Wednesday, July 25, 2012
Trinary Dwarfs-Data Reduction Summary
The goal of the data reduction was to take radial velocity measurements of certain observed low mass stars. In order to accomplish this we used the redspec data reduction package.
The first step in doing a reduction is combining the flat and dark files. In later steps this lets us remove influences from background sources and correct for the dark current in the telescope. This is followed by beginning the reduction by setting up how files will be used in parfile. In this step we define the file paths to the spec files to denote the target star, and the calibration star. The calibration star is used later on in the reduction to eliminate telluric absorption, and other features associated with the location of the target star.
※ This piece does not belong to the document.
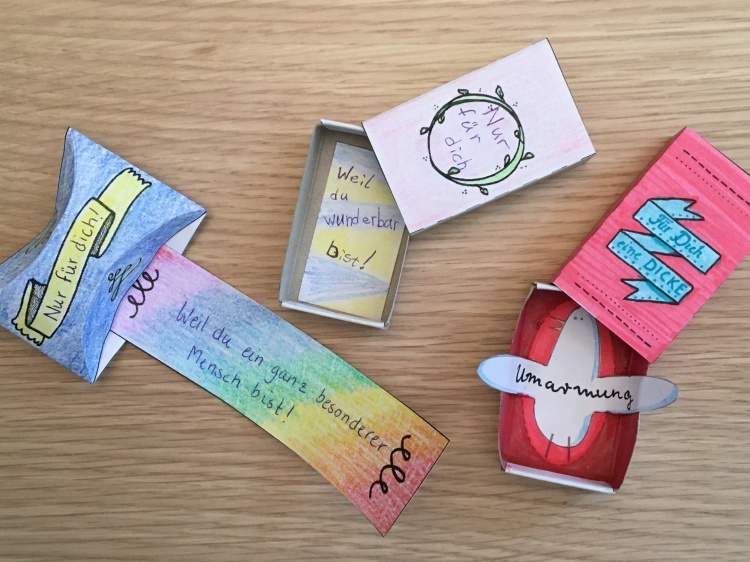Mache deine eigenen Grußschachteln und lege sie einem lieben Menschen vor die Haustür oder in den Postkasten.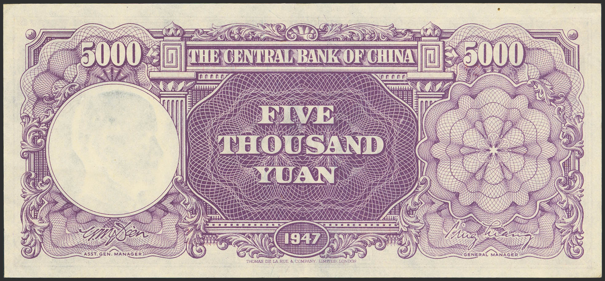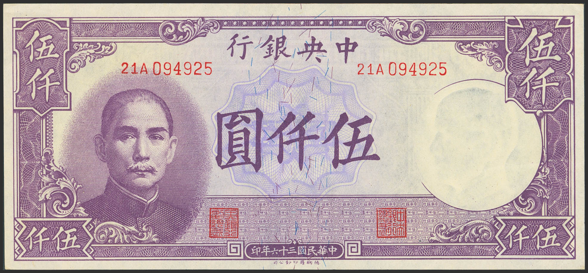 CHINA. 5000 Yuan. 1947. Central Bank of China. (Pick: 310). More than Extremely Fine.

In this case, as we are working with high resolution spectra, we use an A type star as a source of calibration because they have few intrinsic lines in their spectra.
Spatial rectification with redspec is accomplished by summing an A+B pair of a calibration star to produce an image with two spectra. By finding polynomial fits to each spectral trace, and calculating guassian centroids to define the separation between the two, a curved or distorted spectra can be remapped to produce straight spectral traces with respect to the rows of the detector. Once this is done the spectral rectification step follows, where we use a polynomial fit of order 1-4 in order to fit the spectra to known arc lines or oh lines. This step matches the pixels of the picture to fitted wavelengths with regular intervals.
The last step is the main portion of the redspec. This is the step where the target and the calibrator get divided by the dark subtracted flat to remove the background sources for both the calibration star and the target star. The divided spectra gets multiplied against a normalized blackbody function corresponding to the spectral type of the calibration star to provide a relative flux calibration.
The observations for this project were made using filters N7 and N3. For the N7 observations the echelle was 63, with a cross dispersion of 35.52, and the N3 observations were made with an 62.95, and a cross dispersion of 34.08. The reductions for this project involved the use of both arc lines and oh lines for the spectral mapping portion of the reduction. The values for the oh lines came from a paper written by Emily Rice rather than the standard lines used in the echelle format simulator. The reason for this was simply greater accuracy. The N7 reduction used arc lines for the order we were interested, order 33 due to the strong methane absorption features. In the spectral mapping portion of the reduction, the fit to each individual arc line was of order 1 or 2, while the overall lambda fit used to map the arc lines to pixels was of order 1. This is because there were only 3 arc lines total on that particular echelle order when using xenon, krypton, argon, and neon line lists from keck, and due to the nature of polynomial fits, we can't use the higher order fits without introducing large errors as for example the 2nd order fit would match any 3 points with 0 error. The N3 reduction used OH lines, and we were primarily interested in order 59. For this fit, although there were a possible 10 lines to be fitted, the most accurate reduction was found using 6 out of those 10 lines, with an order 3 fit for the oh lines, and an order 2 fit for the overall lambda fit. The reason for this was that adding in additional lines caused significantly greater error even with a higher order lambda fit, and the lines themselves were not only very weak in terms of signal, but often shifted around greatly from observation to observation, relative to the 6 lines that were used in the fit.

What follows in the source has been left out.